>>>

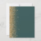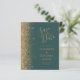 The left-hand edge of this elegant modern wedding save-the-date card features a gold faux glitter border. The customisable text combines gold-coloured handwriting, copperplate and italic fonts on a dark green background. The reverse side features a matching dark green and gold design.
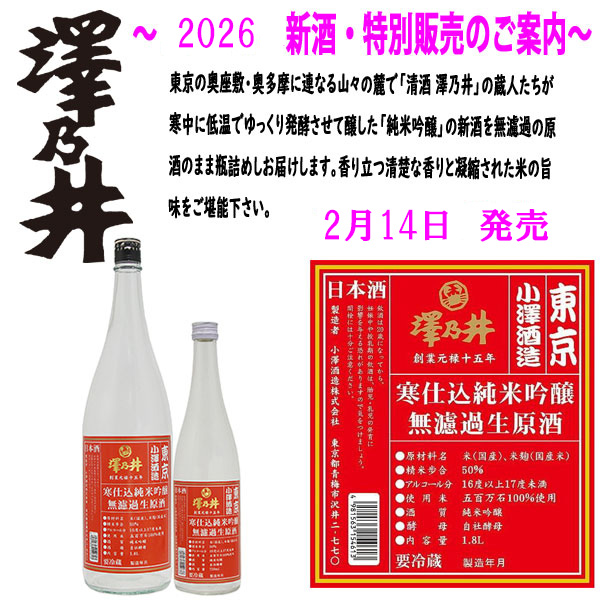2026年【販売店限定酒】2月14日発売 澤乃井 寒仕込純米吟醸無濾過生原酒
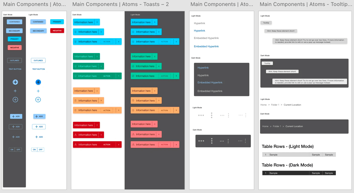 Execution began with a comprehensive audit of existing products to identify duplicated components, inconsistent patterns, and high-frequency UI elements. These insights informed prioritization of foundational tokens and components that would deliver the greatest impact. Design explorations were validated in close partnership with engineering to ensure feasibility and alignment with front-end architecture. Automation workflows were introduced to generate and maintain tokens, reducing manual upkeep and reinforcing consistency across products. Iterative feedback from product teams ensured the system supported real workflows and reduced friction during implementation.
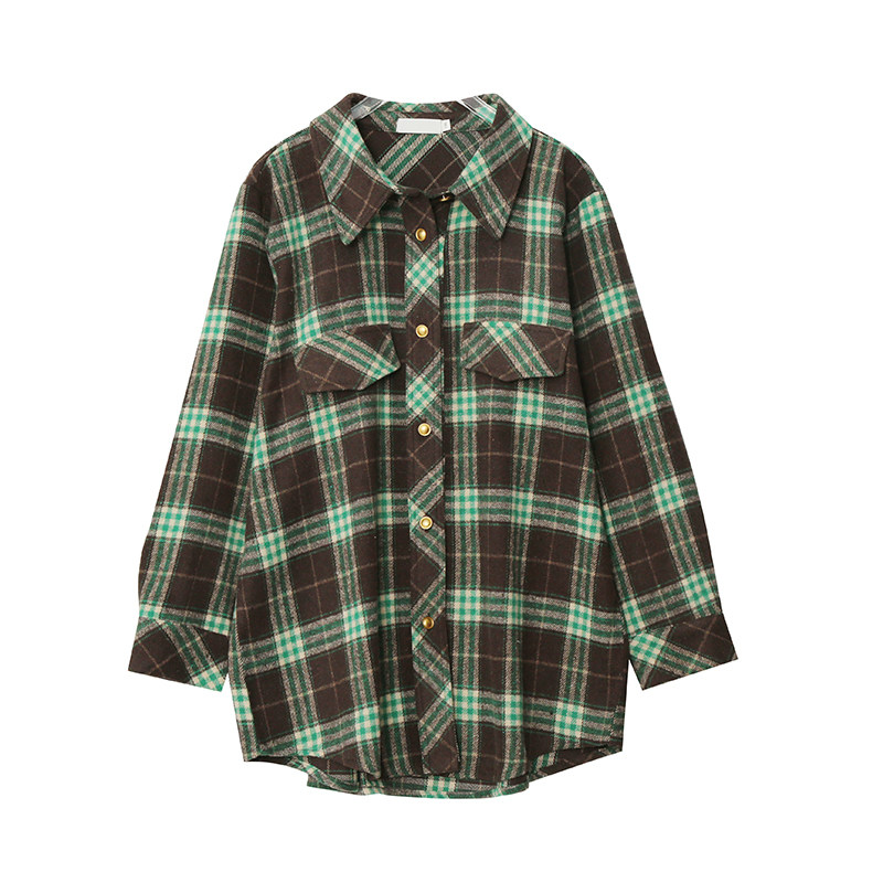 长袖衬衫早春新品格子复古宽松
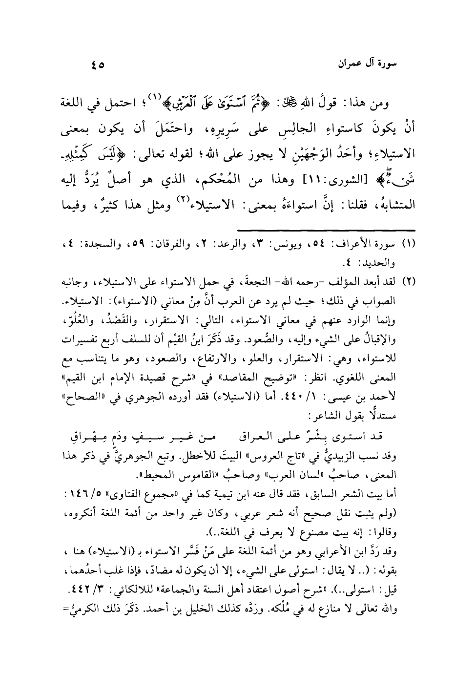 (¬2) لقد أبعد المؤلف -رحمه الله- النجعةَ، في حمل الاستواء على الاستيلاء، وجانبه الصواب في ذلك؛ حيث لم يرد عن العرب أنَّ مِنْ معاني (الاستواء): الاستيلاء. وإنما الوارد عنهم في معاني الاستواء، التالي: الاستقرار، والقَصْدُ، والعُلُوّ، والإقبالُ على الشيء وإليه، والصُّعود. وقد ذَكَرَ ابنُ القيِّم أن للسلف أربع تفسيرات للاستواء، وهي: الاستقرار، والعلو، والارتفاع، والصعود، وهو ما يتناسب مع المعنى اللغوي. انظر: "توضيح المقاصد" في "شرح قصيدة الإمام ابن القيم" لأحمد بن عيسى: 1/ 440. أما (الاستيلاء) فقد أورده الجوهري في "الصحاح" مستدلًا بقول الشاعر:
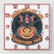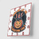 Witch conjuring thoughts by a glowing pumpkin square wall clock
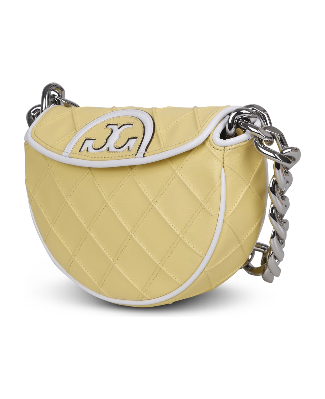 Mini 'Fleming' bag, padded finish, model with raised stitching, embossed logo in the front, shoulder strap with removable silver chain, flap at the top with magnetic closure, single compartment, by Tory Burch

<<<

• _Exercise aim_: Give again, word for word, the lines above from the one with "Witch conjuring thoughts" through the final line of the data, both ends included. Do not copy any picture.

• _Response for this exercise_:
 Witch conjuring thoughts by a glowing pumpkin square wall clock
 Mini 'Fleming' bag, padded finish, model with raised stitching, embossed logo in the front, shoulder strap with removable silver chain, flap at the top with magnetic closure, single compartment, by Tory Burch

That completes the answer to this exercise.